Return, exactly as written, the lines of the material from its top through the line with "おかげさまでたくさんのボラン", keeping pictures out.

Given information —
━━━━━━━━━━━━━━━━━━━━━━━━━━━━━━

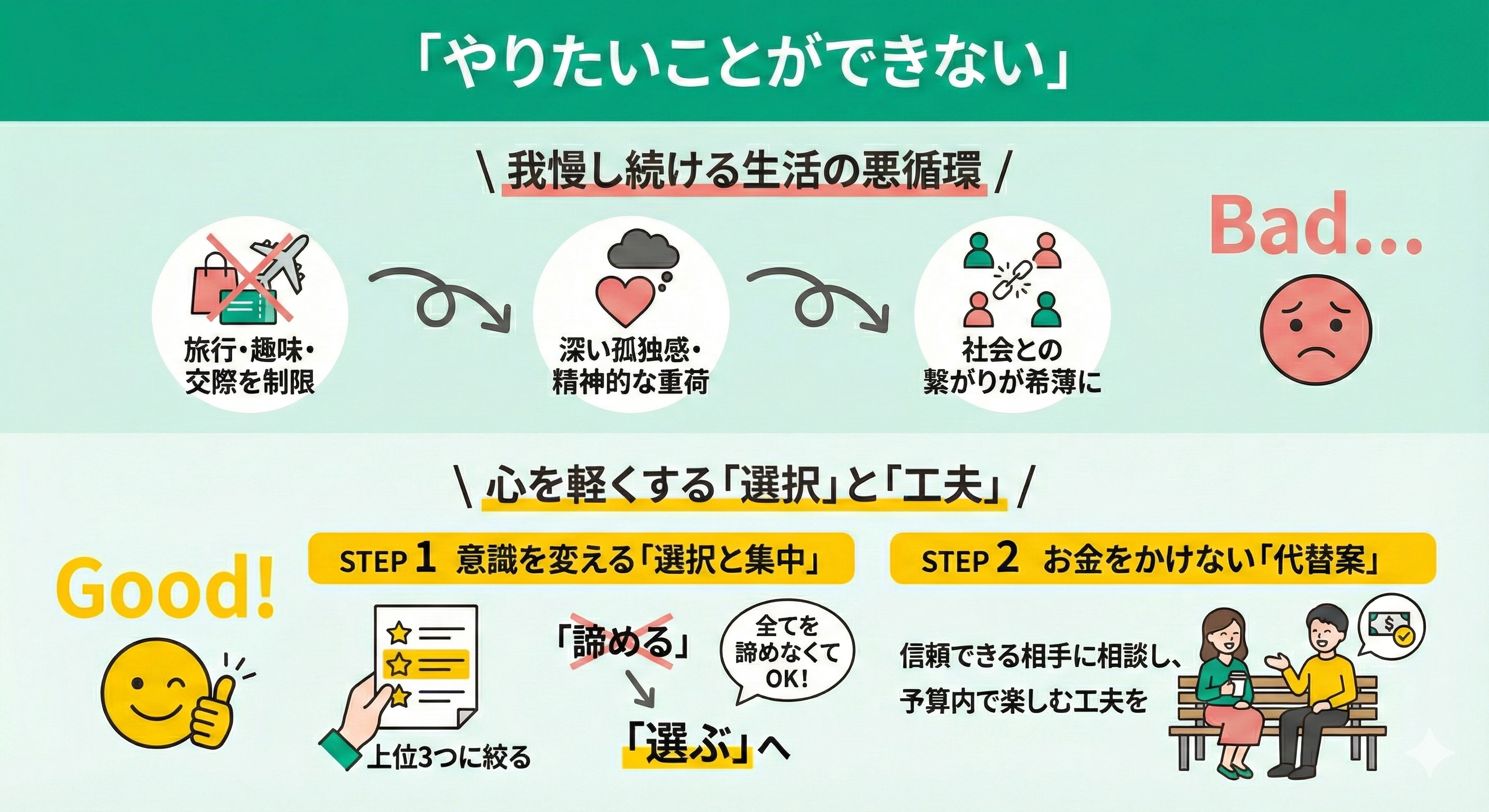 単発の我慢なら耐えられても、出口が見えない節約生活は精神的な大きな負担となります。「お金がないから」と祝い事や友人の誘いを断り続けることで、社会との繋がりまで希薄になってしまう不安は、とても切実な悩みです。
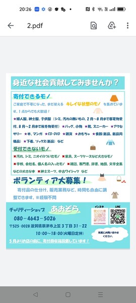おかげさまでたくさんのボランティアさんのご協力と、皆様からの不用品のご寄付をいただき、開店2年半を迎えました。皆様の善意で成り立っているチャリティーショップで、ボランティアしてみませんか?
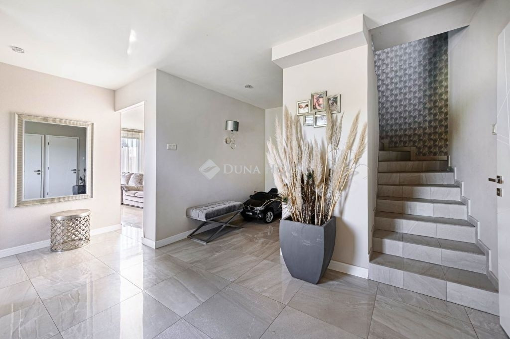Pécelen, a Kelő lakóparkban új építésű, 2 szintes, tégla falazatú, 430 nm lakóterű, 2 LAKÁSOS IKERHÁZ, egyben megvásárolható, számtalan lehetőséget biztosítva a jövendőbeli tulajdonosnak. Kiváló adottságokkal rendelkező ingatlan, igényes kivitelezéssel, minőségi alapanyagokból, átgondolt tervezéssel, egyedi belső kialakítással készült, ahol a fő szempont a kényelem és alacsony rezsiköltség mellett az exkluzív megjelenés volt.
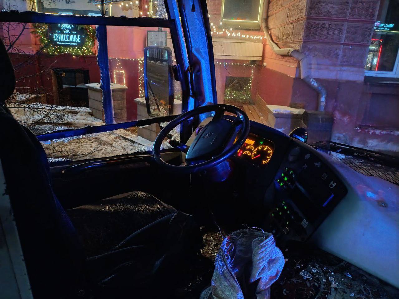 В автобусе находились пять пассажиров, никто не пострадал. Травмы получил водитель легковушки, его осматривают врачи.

━━━━━━━━━━━━━━━━━━━━━━━━━━━━━━

Exercise response —
 単発の我慢なら耐えられても、出口が見えない節約生活は精神的な大きな負担となります。「お金がないから」と祝い事や友人の誘いを断り続けることで、社会との繋がりまで希薄になってしまう不安は、とても切実な悩みです。
おかげさまでたくさんのボランティアさんのご協力と、皆様からの不用品のご寄付をいただき、開店2年半を迎えました。皆様の善意で成り立っているチャリティーショップで、ボランティアしてみませんか?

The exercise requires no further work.